Lancée pour moderniser la fiscalité et élargir l’assiette, la réforme de la Facture Normalisée (FACNO) livre son premier bilan opérationnel. Les chiffres de décembre montrent une adoption réelle mais contrastée, entre dynamique entrepreneuriale et défis logistiques.
Un décollage chiffré
Entre le 1er et le 24 décembre, l’administration enregistre 54 207 factures normalisées émises, un volume significatif pour une phase de lancement. Ce mouvement est porté par 3 289 contribuables, dont plus de 2 200 ont déjà un compte e-UF pleinement fonctionnel. Parallèlement, près de 1 000 entreprises sont engagées dans l’homologation de leurs logiciels, une étape technique cruciale.
Le mur des réalités opérationnelles
Cet « engouement », selon les termes du bilan, a paradoxalement révélé les premières faiblesses du dispositif. L’afflux des demandes a saturé les capacités de traitement, entraînant des délais d’activation et des retards dans les homologations. Cette friction a obligé le ministre des Finances, Doudou Fwamba, à une réunion de crise avec la FEC le 11 décembre, aboutissant à la création d’une commission ad hoc.

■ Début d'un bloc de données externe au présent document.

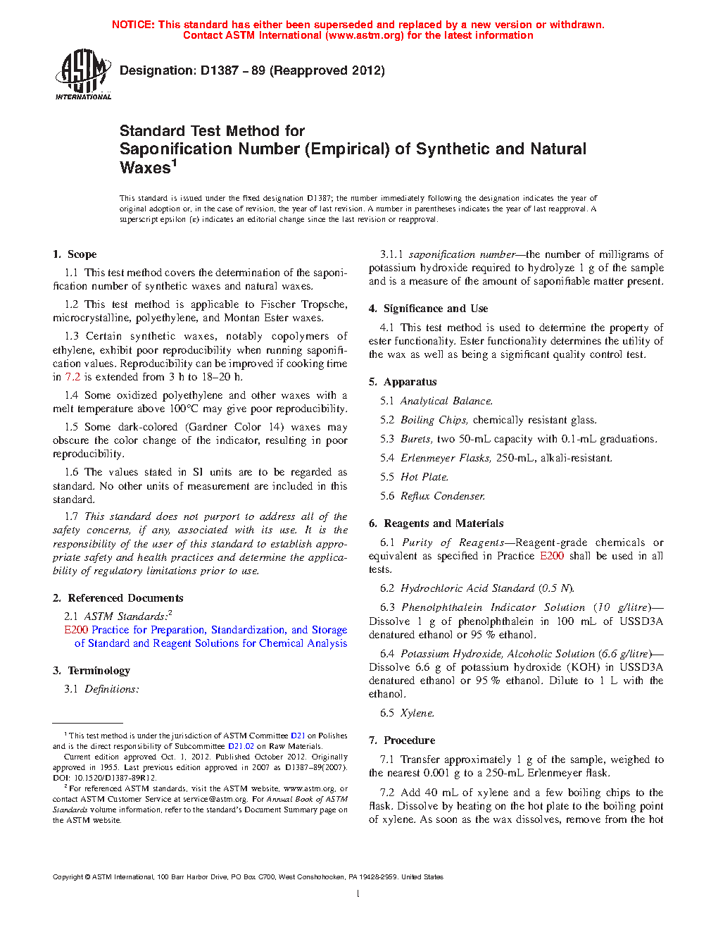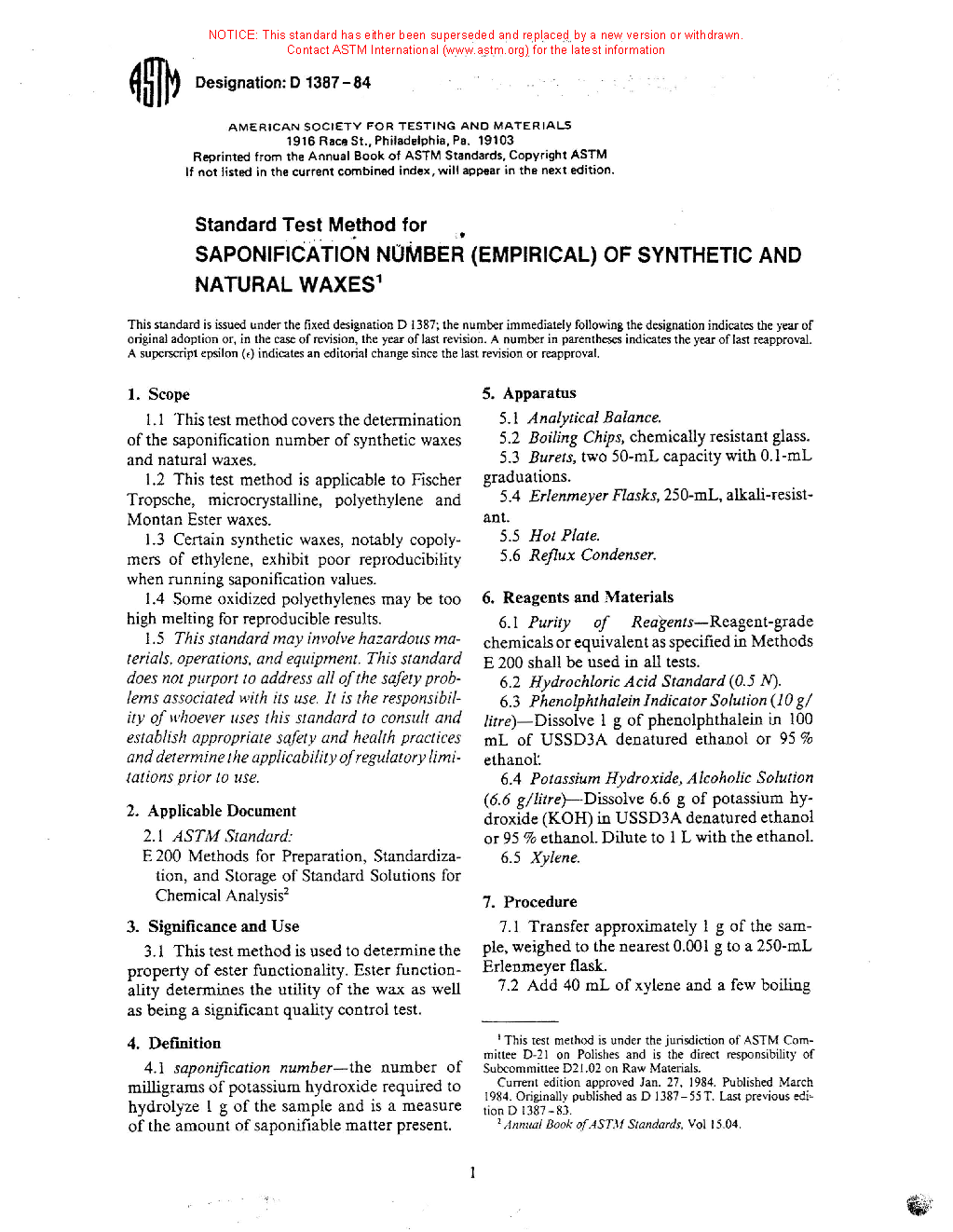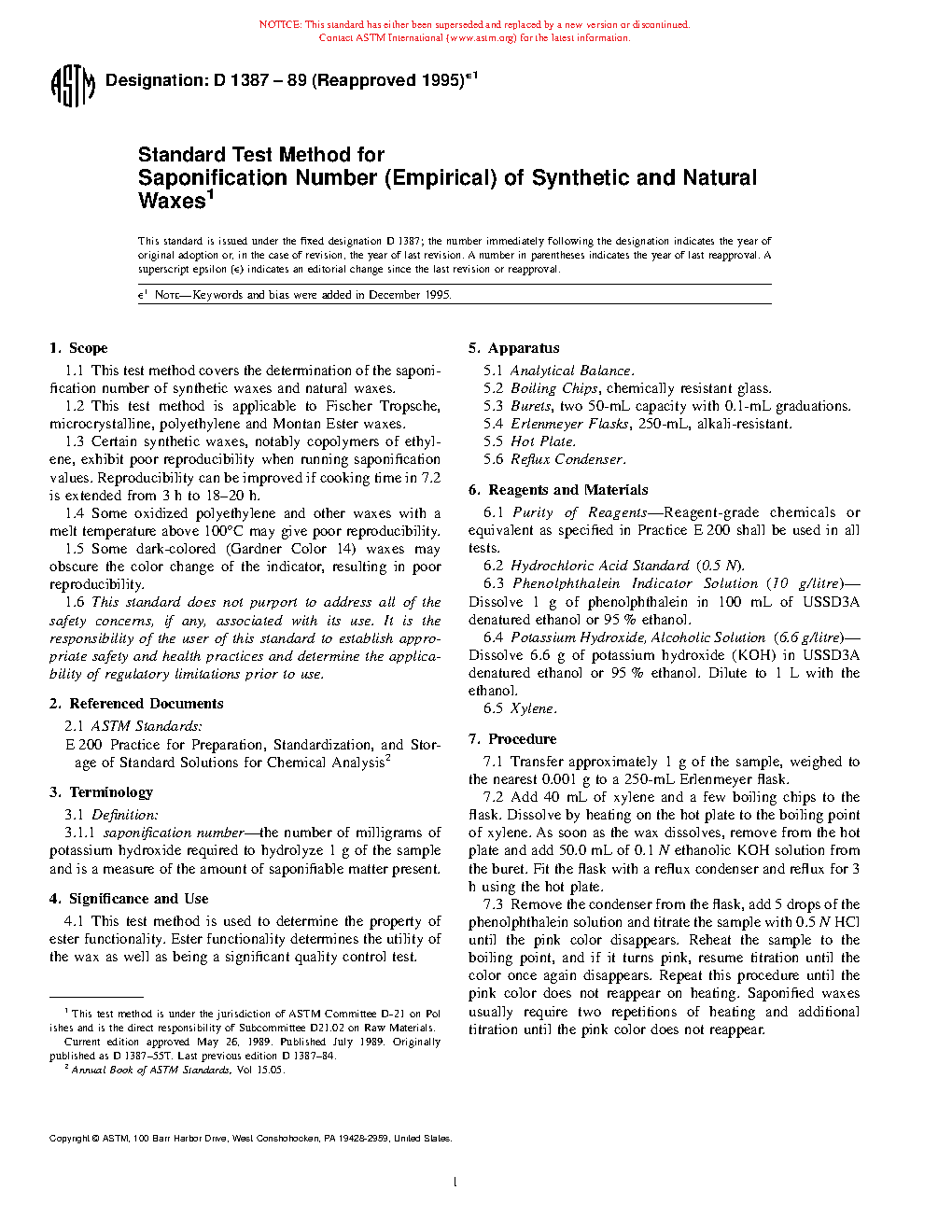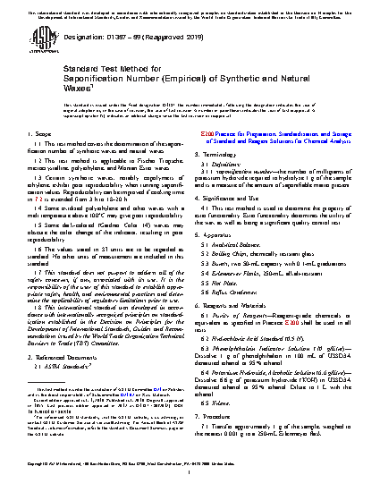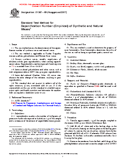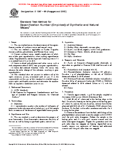 1.3 Certain synthetic waxes, notably copolymers of ethylene, exhibit poor reproducibility when running saponification values. Reproducibility can be improved if cooking time in 7.2 is extended from 3 h to 18–20 h.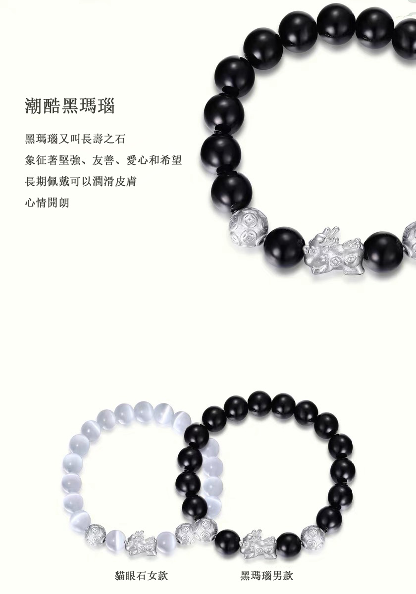 招財貔貅手串-黑曜石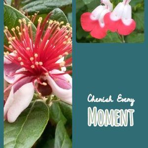 こんにちは✨☀️✨ ちょうど1ヶ月前の出会い🚶♀️ チェリーセージ🍒&フェイジョア♡ 2つのお花の花言葉♡♡ 燃ゆる思い…燃える心… 偶然に? 並んで咲いていました♡♡ 🏷️しあわせ運べるように 🏷️ニコニコ日曜日 参加させてくださいね♡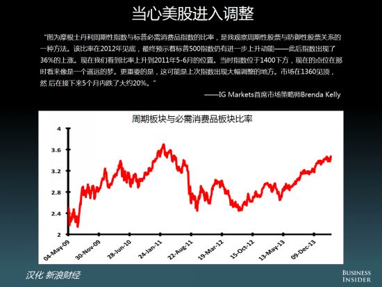 “圖為摩根士丹利周期性指數(shù)與標(biāo)普必需消費品指數(shù)的比率,是我觀察周期性股票與防御性股票關(guān)系的一種方法。該比率在2012年見底,最終預(yù)示著標(biāo)普500指數(shù)仍有進(jìn)一步上升動能——此后指數(shù)出現(xiàn)了36%的上漲,F(xiàn)在我們看到比率上升到2011年5-6月的位置。當(dāng)時指數(shù)位于1400下方,現(xiàn)在的點位在那時看來像是一個遙遠(yuǎn)的夢。更重要的是,這可能是上次指數(shù)出現(xiàn)大幅調(diào)整的地方。市場在1360見頂,然后在接下來5個月內(nèi)跌了大約20%!薄狪G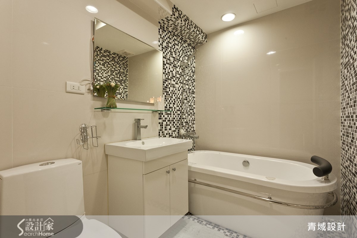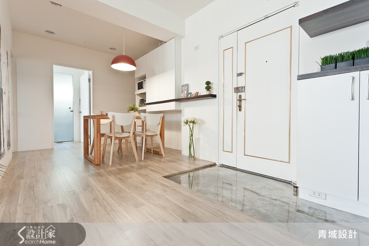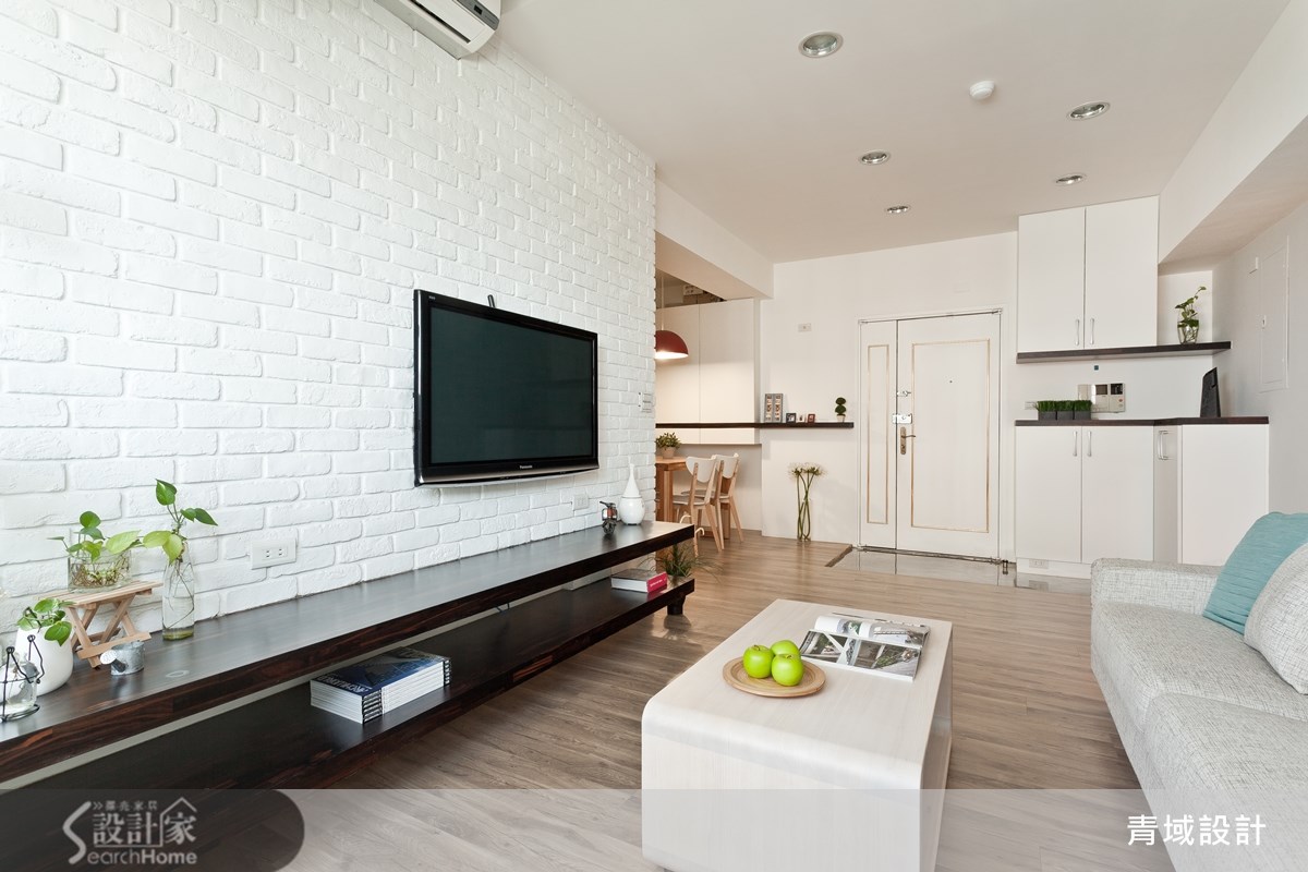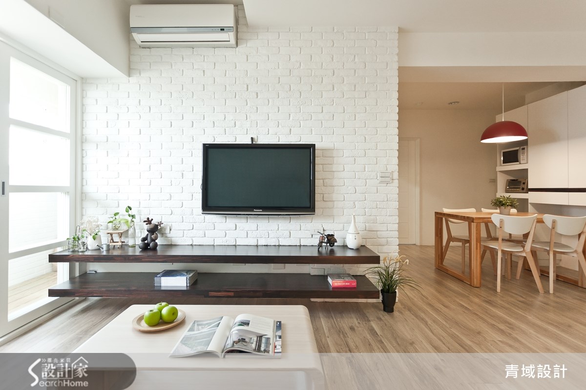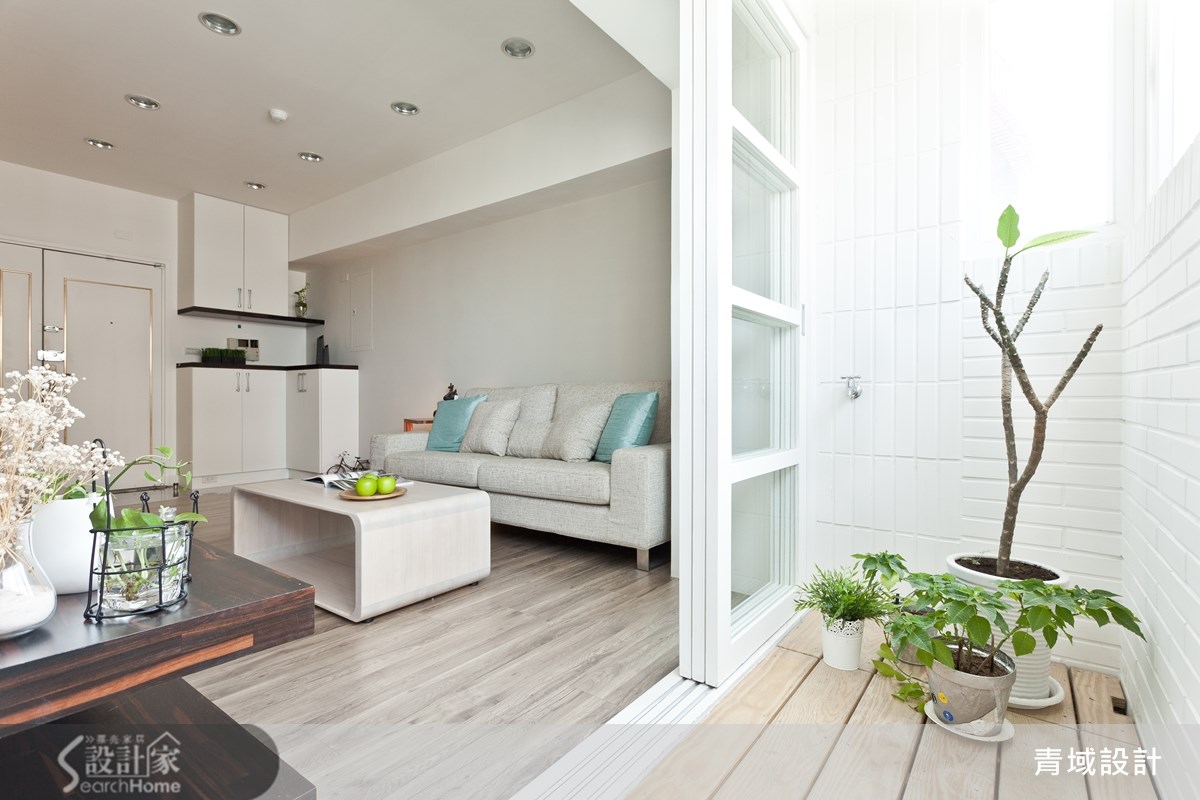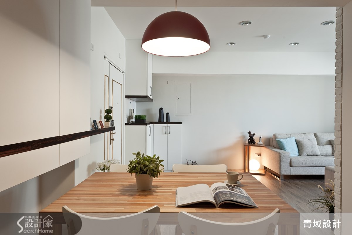 屋宅拥有采光不良的缺点,加上夫妻即将要迎接新生命的到来,希望能让宝宝沐浴在一个明亮简约的良好环境下成长。因此设计师顺应屋主喜好,以夫妻俩喜爱的北欧风与极简风为设计发想,打造出甜蜜又温馨的居宅。【引入自然光,兼具休憩区的阳台】针对室内采光不足的部分,设计师设计大片落地窗,为客厅空间引入了明亮和煦的自然光,阳台空间则铺设南方松,形成无落差的处理,不仅美观又安全,只要走到阳台空间,脚踏木质就能感受到自然的温润感,也能眺望户外的蓝天绿意美景。【马赛克砖增添童趣与时尚感】客厅电视墙则选择文化石,让墙面带有沉静的人文质感。开放式的用餐空间,也因灯光的配置,显得温馨柔和。卫浴空间,则利用黑白马赛克砖,为空间带进了一点童趣又时尚的氛围,并且细心在浴缸边设置把手,实现了安全与设计的巧思。
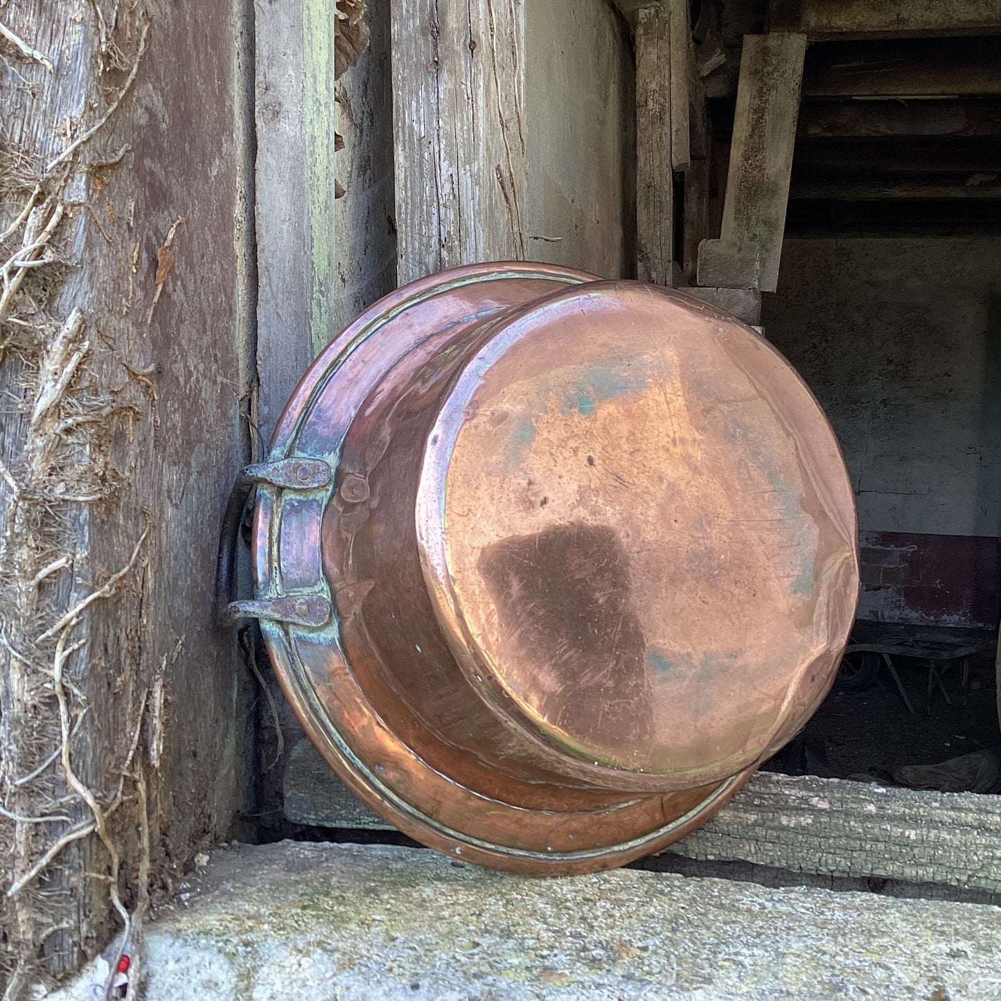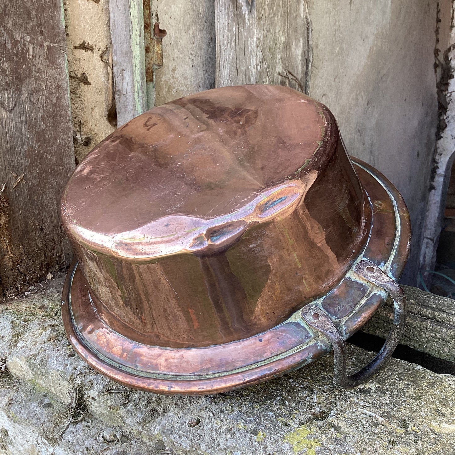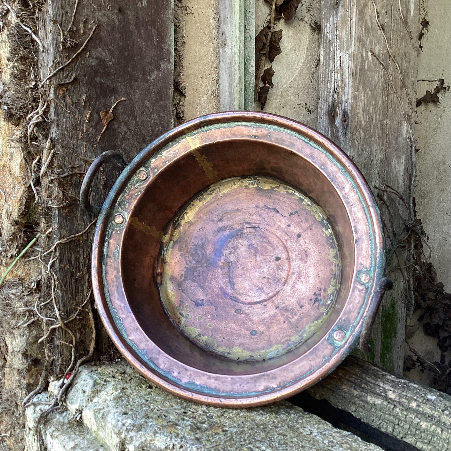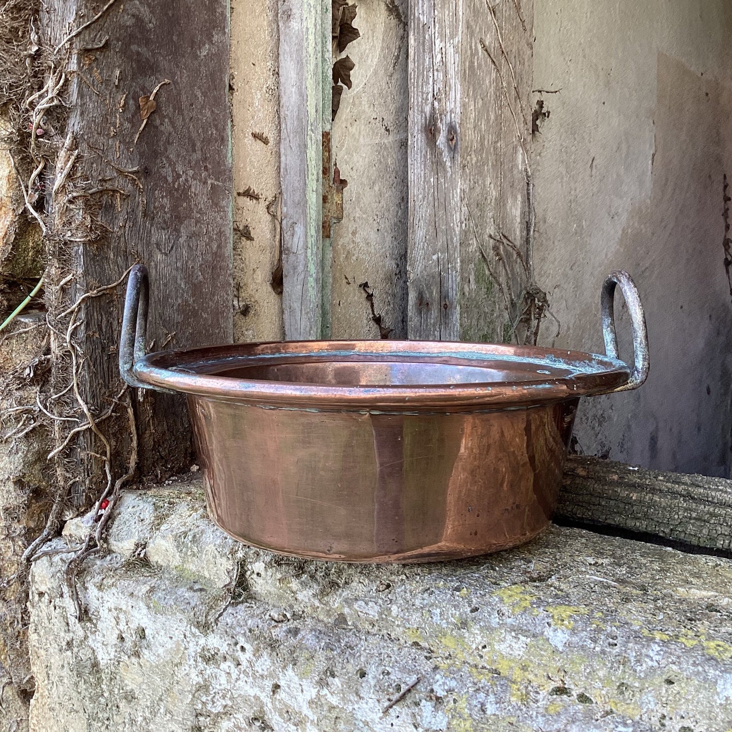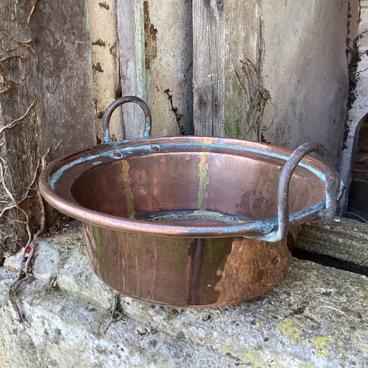 Antique French Copper Skillet: Large Handmade Farmhouse Planter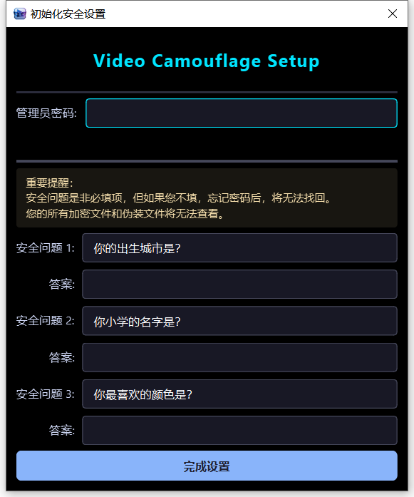 温馨提示:密码就是一切: 如果没有设置安全问题,一旦忘记管理员密码,没有任何办法可以找回您的数据。

Entre confiance et efficacité
La réussite de la FACNO, réforme-phare du gouvernement, repose sur un équilibre fragile. Elle doit maintenir l’adhésion des entreprises – prouvée par les premiers chiffres – tout en fluidifiant rapidement ses processus sous peine de créer un goulot d’étranglement contre-productif. La dérogation permettant une homologation partielle est un premier correctif. La capacité de la nouvelle commission à apporter des solutions tangibles sera le prochain test de crédibilité pour cette transition fiscale majeure.